Legend: TRELEGY Real World Chronic Obstructive Pulmonary Disease (COPD) Effectiveness Study
Status:
Withdrawn
Trial end date:
2022-11-30
Target enrollment:
Participant gender:
Summary
The primary purpose of this study is to assess the effectiveness of TRELEGY ELLIPTA single
inhaler triple therapy (SITT) (fluticasone furoate/umeclidinium bromide/vilanterol
[FF/UMEC/VI]) relative to non-ELLIPTA multiple inhaler triple therapies (MITT) of inhaled
corticosteroids/long-acting beta2-adrenergic receptor agonists/muscarinic receptor
antagonists (ICS/LABA/LAMA) within a routine clinical practice setting. This is a
non-randomized, interventional and self-controlled cohort study conducted to collect data in
routine practice. This study will have two periods where in retrospective data will be
collected in pre-switch period and prospective data will be collected in post-switch periods.

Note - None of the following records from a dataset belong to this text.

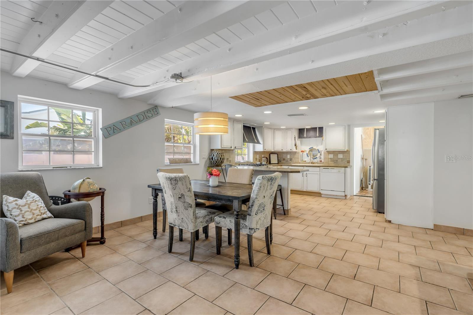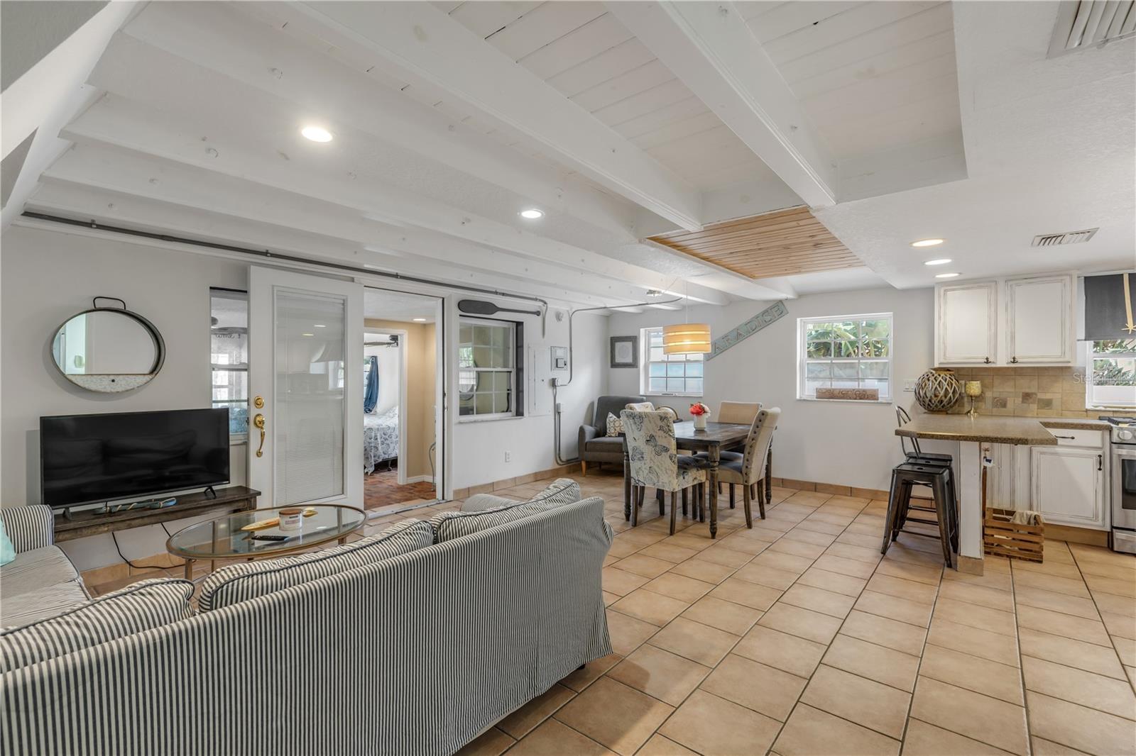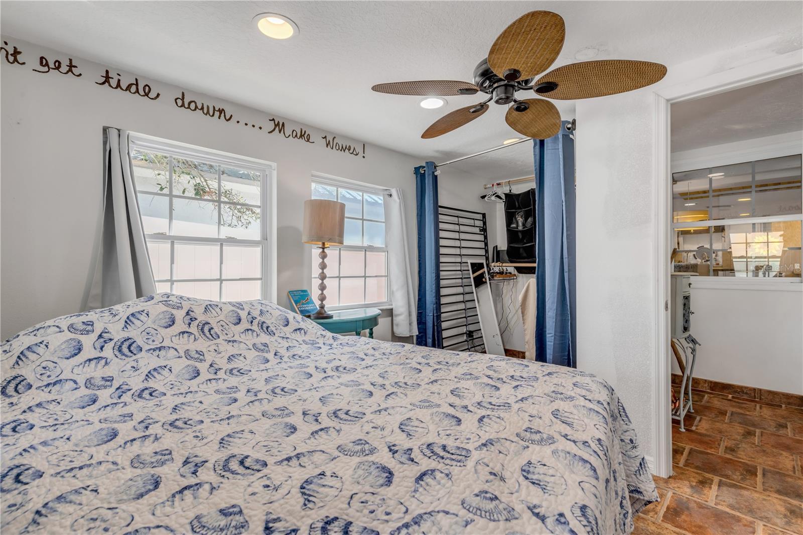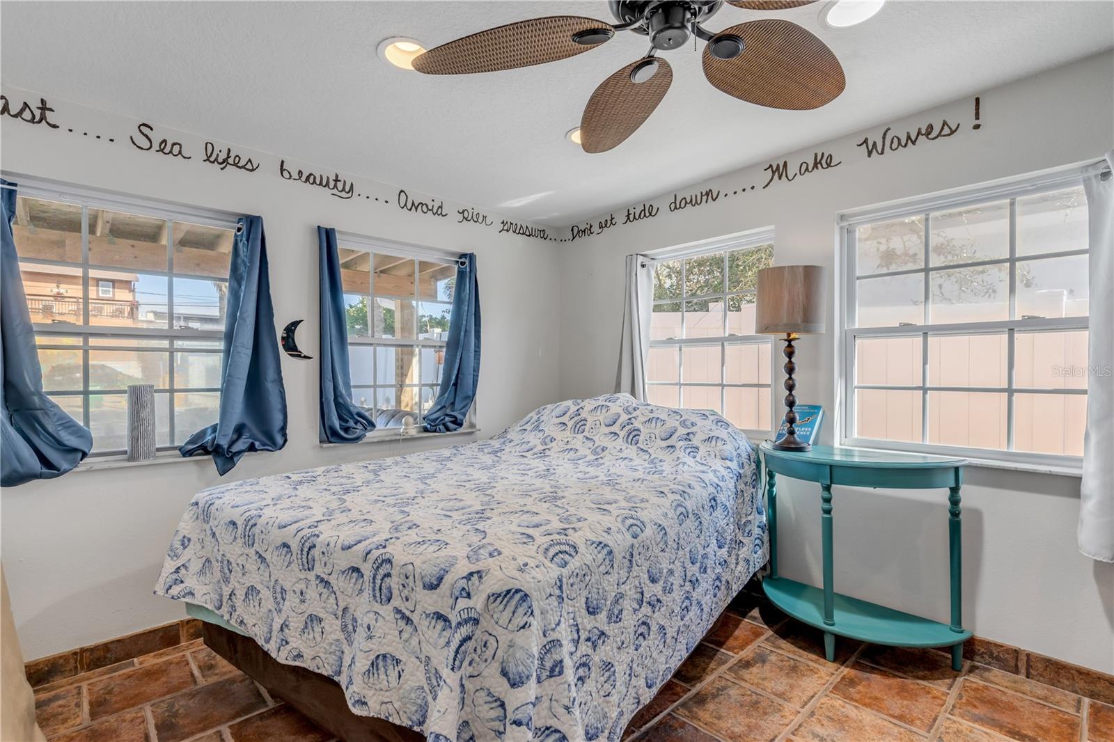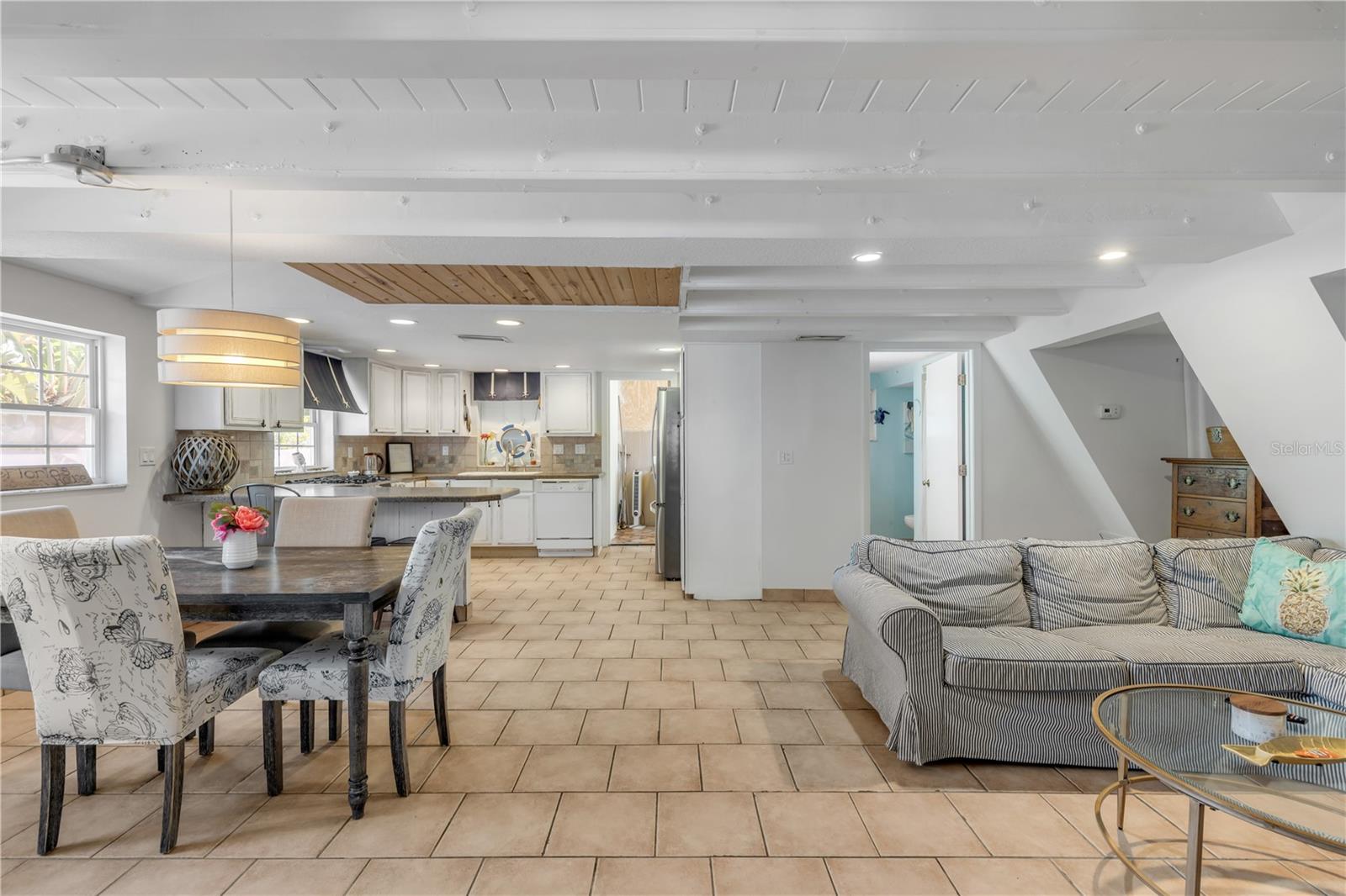 This charming beachside bungalow offers an unbeatable location just steps to the iconic Flagler Avenue shopping district and a short stroll to the sandy shores of New Smyrna Beach. The property features two separate suites with private entrances, making it a unique and versatile find with rental income potential. The upper suite boasts a spacious teak deck, perfect for soaking in the ocean breeze. The lower suite includes two bedrooms, one bathroom, a spacious kitchen with a breakfast bar open to the living area creating an open floor plan. Convenient amenities are an outdoor shower with hot and cold water, a stainless steel sink, and a large storage area for beach toys and a golf cart. The pet-friendly, fully fenced yard includes two gated sections, and the property offers ample paved parking for plenty of company. The paved side area and covered front porch provide excellent spaces for entertaining or relaxing with friends and family. If you're looking for a home that embodies the ultimate beach lifestyle, this is a must-see!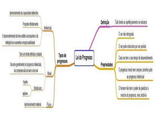 O documento discute a evolução das leis humanas e espirituais ao longo do progresso da humanidade. Aponta que as leis humanas mudam conforme a sociedade evolui, enquanto as leis naturais são imutáveis. Também descreve como o movimento por direitos civis nos EUA levou à mudança nas leis de segregação racial. Finalmente, discute como o Espiritismo contribui para o progresso moral do ser humano.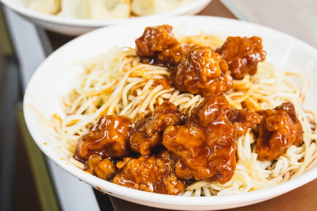 一份浇头大概有7-8块小肉,用的是猪梅肉,肉质紧实,酸酸甜甜,很熟悉的本帮调味。酱汁勾芡程度正好,全倒在冷面上,看这发光的色面,太嗲了!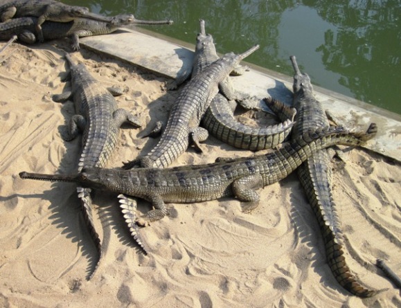 To alleviate the intense boredom, we stopped at a crocodile farm to see the endangered Gharial Crocodile... At least they couldn't run away...!!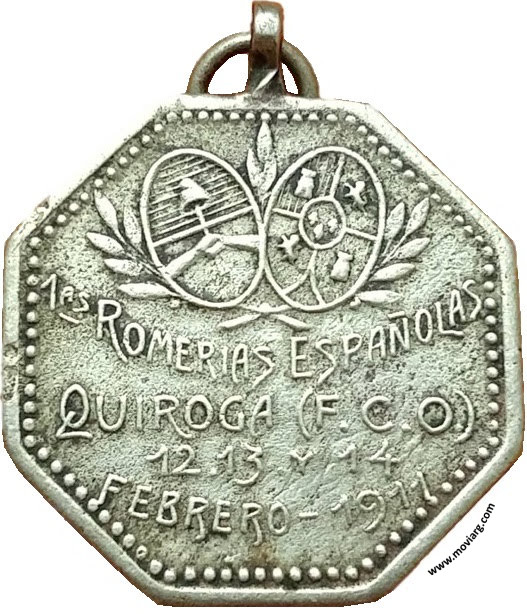 Colección Matías Losinno Anverso:Reverso: 1AS. ROMERIAS ESPAÑOLAS / QUIROGA ( F.C.O. ) / 12. 13 Y 14 / FEBRERO - 1911 Referencia: | |

Subjects will be switched from non-ELLIPTA MITT to TRELEGY ELLIPTA. The pre-switch period is
of 52 weeks and post-switch period will be of 52 weeks. Additionally subjects will receive
safety follow-up call at 26 weeks and 52 weeks for safety monitoring. Approximately 1300
subjects will be enrolled for this study. TRELEGY ELLIPTA is a registered trademark of the
GlaxoSmithKline (GSK) group of companies.